JBS chief executive Gilberto Tomazoni told analysts in August that JBS is "at the best moment in its history." He said an upcoming stock offering in the United States will allow the company to continue to expand; JBS says expansion efforts "will better position the company to sustainably meet evolving customer and consumer expectations."

However, U.S. Sens. Marco Rubio, R-Fla., and Robert Menendez, D-N.J., recently challenged whether JBS' entry into the U.S. market should have been allowed.

Corruption scandals have engulfed JBS in Brazil, the senators wrote to Treasury Secretary Steven Mnuchin, and company officials have "admitted criminal conduct to secure loans that were used for investment in the United States." They have asked for a review of the purchases.

JBS said it received all "necessary regulatory approvals from the ... antitrust authorities, including the Department of Justice" before purchasing each of the companies.

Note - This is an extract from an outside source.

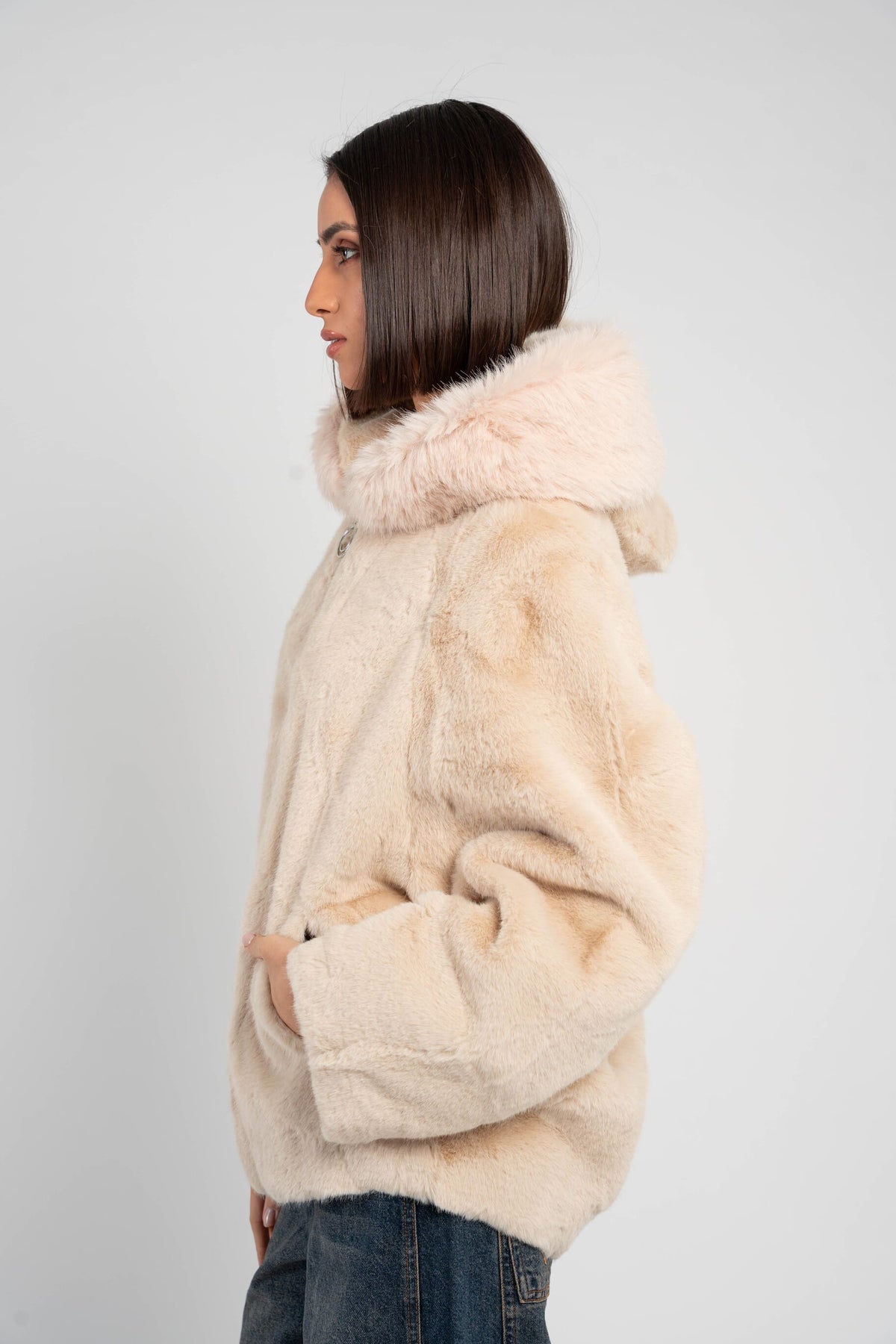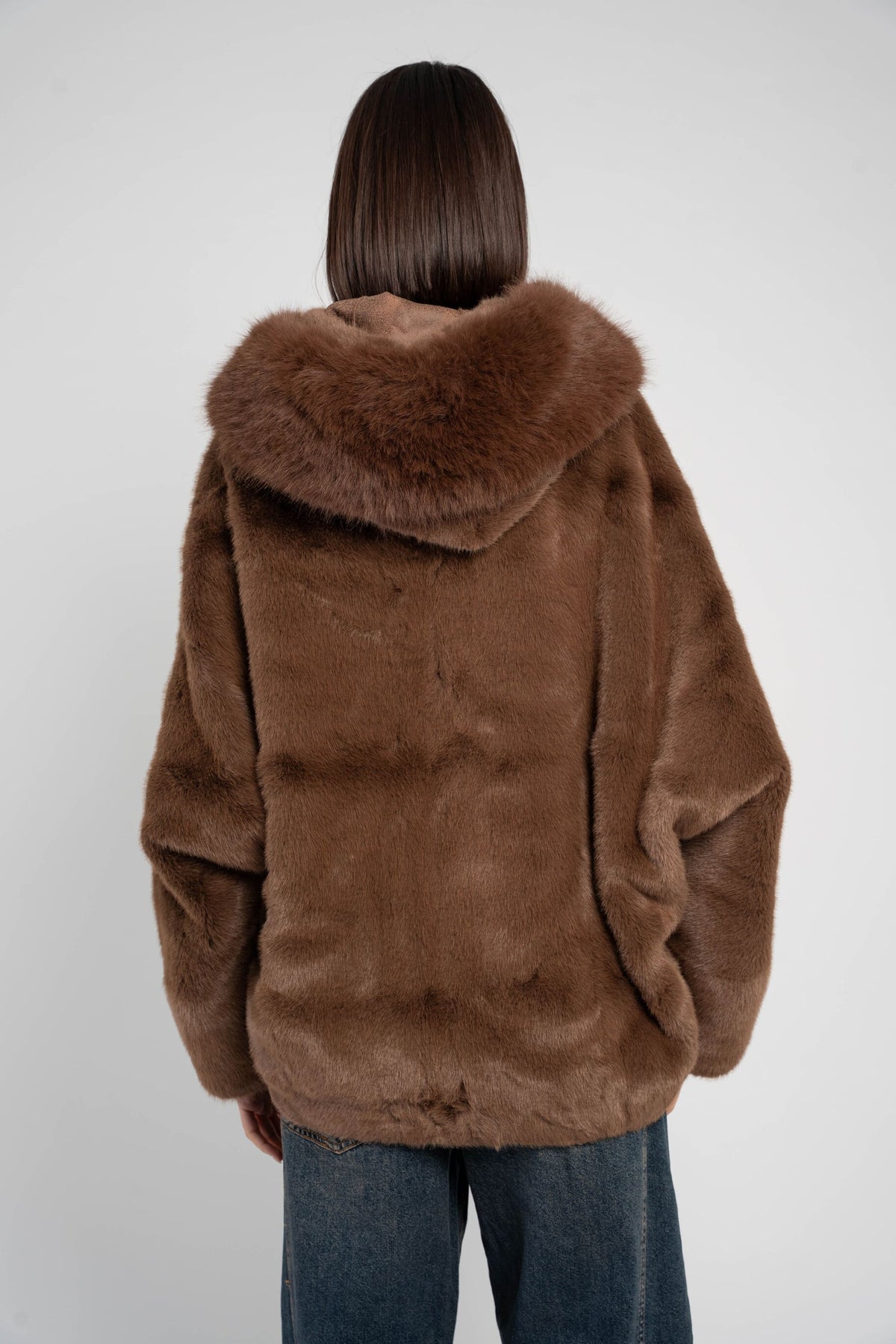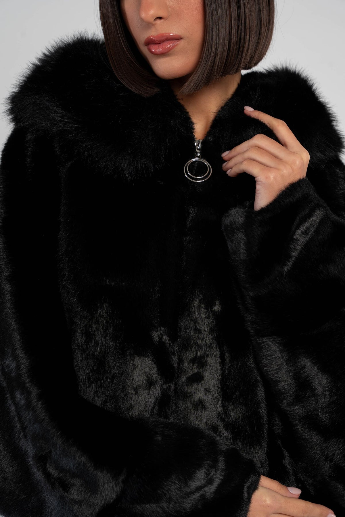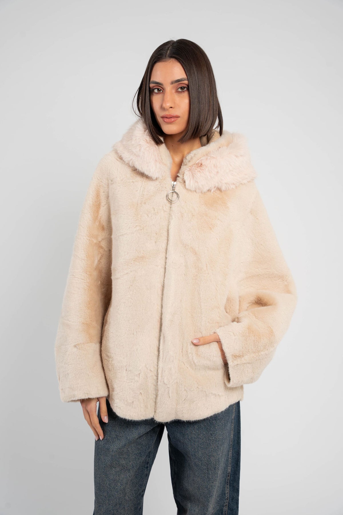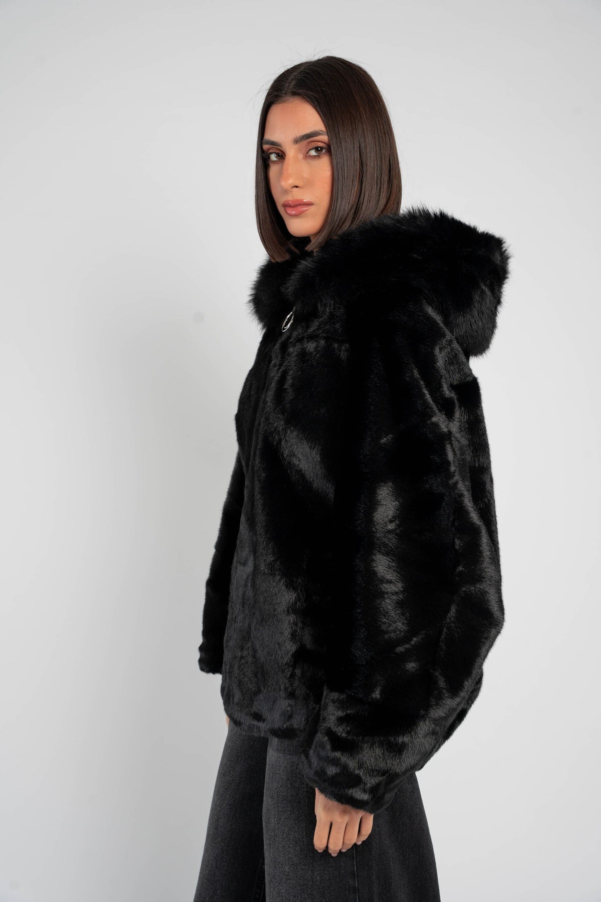 - A cozy faux fur jacket featuring a hooded design, front zip closure, and side pockets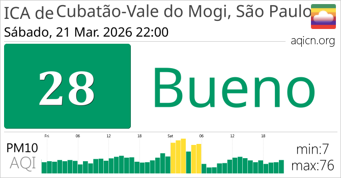 La calidad del aire de Cubatão-Vale do Mogi, São Paulo, Brasil es Bueno

Small farmers and cattlemen are glad some politicians are listening. They say the federal government's bailout -- and JBS' share of it -- are reminiscent of the bank bailouts during the 2008 financial crisis. Even though many of the banks were under investigation by the federal government, they still received federal money.

"I think it's one of those situations where it's too big to fail," said Greg Gunthorp, who runs his family hog farm in Indiana. "We are talking about a company that has shown it doesn't play by the rules."

JBS purchased its first U.S. meat plants in 2007, using Brazilian bank loans the owners secured illegally, court records show. In a plea deal, brothers Joesley and Wesley Batista told prosecutors how they bribed bank and government officials to receive low-interest loans.

The bank loans and other funding allowed JBS to consolidate five U.S. companies -- which produced pork, poultry and beef -- into a single company, JBS USA.

In 2007, JBS bought pork and beef producer Swift and Co. In 2008, it purchased the beef operations of Smithfield Foods. In 2009, it acquired poultry producer Pilgrim's Pride. In 2015, JBS bought Cargill's pork division. And in 2017, the company purchased poultry producer GNP Co.

The bailout payments underscore JBS' advantage over smaller, domestic competitors. Some of its pork plants kill more than 1,000 pigs an hour, enabling JBS to operate off a slimmer profit margin and underbid other companies for the bailout contracts.

JBS is also able to shift production to avoid high tariffs. While U.S. pork exported to China faces a 72% tariff, pork from JBS plants in Brazil faces only a 10% to 12% tariff.

JBS increased production where tariffs were lower, benefiting twice from the Chinese trade war -- first by collecting the bailout money and then by increasing pork production at its plants outside the United States, which JBS announced this year.

Consolidation can lead to benefits for consumers. Trey Malone, an agricultural economist at Michigan State University, said consolidation has led to lower prices and an explosion of new food products.

But the small number of major players increases the possibility that companies could collude to increase prices, Malone and other economists say. A lawsuit filed in 2016 by a food-service company in New York alleges that JBS-owned Pilgrim's Pride and other poultry companies intentionally destroyed flocks of breeder hens to reduce the poultry supply.

The coordinated effort resulted in a 50% increase in the wholesale price of broiler chickens, the lawsuit claims. The civil suit is on hold as the Justice Department investigates.

JBS declined to comment on the price-fixing investigation. Lawyers for Pilgrim's Pride and other poultry companies filed a motion to dismiss the case in January.

Information for this article was contributed by Andrew Ba Tran and Alice Crites of The Washington Post.